# CHAPTER TWO MARKETING PLAN

CHAPTER TWO

MARKETING PLAN

A section of the business plan that describes the user benefits, available products and services and the type of market that exists.one plans on how to market products/services and the main features are;

2.1 Potential customers.

• Describe your customers well ranging from ;
1. Institutions-Hospitals, Churches, Individuals, Wholesalers, Retailers and Households.
• Determine location of your customers in terms of their demographic characteristics
• Consider customer characteristics and considerations on products i.e. price, quality, appearance, color, shape, material, size, weight, volume and efficiency.
• Business considerations when targeting customers
2. Variety of goods and services
• Credit facilities
1. Capability of employees
2. Methods of selling.

2.2 Market share/size.

This is the amount of unit sales e.g. what is your estimated/expected total sales in units per month or even quarterly or yearly.in estimating the market size, one needs to list down the business selling similar products in market e.g. show using a pie chart, bar graph, line graph, give or frequency polygon.

Table 1-Hypothetical/model of a given market tabular explanation.

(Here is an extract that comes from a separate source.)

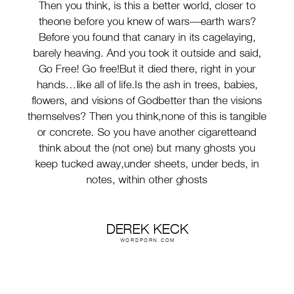 Then you think, is this a better world, closer to theone before you knew of wars—earth wars? Before you found that canary in its cagelaying, barely heaving. And you took it outside and said, Go Free! Go free!But it died there, right in your hands…like all of life.Is the ash in trees, babies, flowers, and visions of Godbetter than the visions themselves? Then you think,none of this is tangible or concrete. So you have another cigaretteand think about the (not one) but many ghosts you keep tucked away,under sheets, under beds, in notes, within other ghosts

BEFORE PENETRATION IN THE MARKET

 A B C TOTAL SALES(Kshs.) 20,000 40,000 40,000 100,000 MARKET SHARE 20% 40% 40% 100%

Table 2- Hypothetical/model of a given market tabular explanation

AFTER PENETRATION

 A B C D TOTAL SALES(Kshs) 20,000 40,000 40,000 20,000 120,000 MARKET SHARE 17% 33% 33% 17% 100%

2.3 Competition

• Analyze key competitors in terms of strengths and weaknesses
• Consider what the competitors are doing
• Analyze the factors that may have contributed to success or failure of the competitors.
• Determine if there are gaps to be filled.
• Determine your potential competitors and their sizes in assets, sales volume and market share of major competitors.
• Determine strengths and weaknesses of competitors.
• Craft techniques and plans to capitalize on weaknesses of competitors

Assuming that we have 3 firms A, B and C,

Table 3- Hypothetical/model of a given market tabular explanation

 A B C TOTAL Assets 200,000 100,000 200,000 500,000 Sales volume 400,000 500,000 300,000 1.2M Market share 0.4M/1.2M=33% 0.5M/1.2M=42% 0.3M/1.2M=25% 100% Profit p.a 80,000 100,000 60,000 240,000 Employees 3 4 2 9

2.4 Promotion strategy

• This section describes entrepreneurial approach to creating awareness of products and services and motivating customers to buy.
• Elements of advertising commonly used are: personal selling, sales promotion, publicity, public relations, sponsorship and customer relationship management.
• Medium/media used should be well designed i.e. electronic or print media.
• How will you portray your products?
• What image do you project in mind of consumers?
• Which promotion campaign will you undertake when introducing the product or service e.g. free samples or free introductory services
• Which promotional methods will you employ on regular basis e.g. trade shows, sponsorships and cost of promotion per event
• How will you measure the effectiveness of your promotional campaign

2.5 Pricing strategy.

• Include methods of calculating selling price for your products and services.
• Factors likely to influence price setting include;
• Income of clients targeted
• Prevailing market prices
• Cost of raw materials
• Nature of competition.
• Incorporate actual selling prices of products and services.
• Arrive at credit terms to be offered.
• What kind of credit?
• When are you going to offer credit e.g. end month
• When will customers payback.
• Enlighten the customers on the types of discounts offered e.g. cash, trade(quantity)
• Enlighten members on the available after sales services available.

2.6 sales tactics

• Refers to the methods of selling either directly or indirectly(use of agents)
• If you intend to sell through distributors/agents, how will you select and motivate them? For middlemen, you can use already used by many competitors and select the ones with high reputation. One can motivate middlemen by giving them high profit margins.
• Establish the geographical areas that your agents will cover.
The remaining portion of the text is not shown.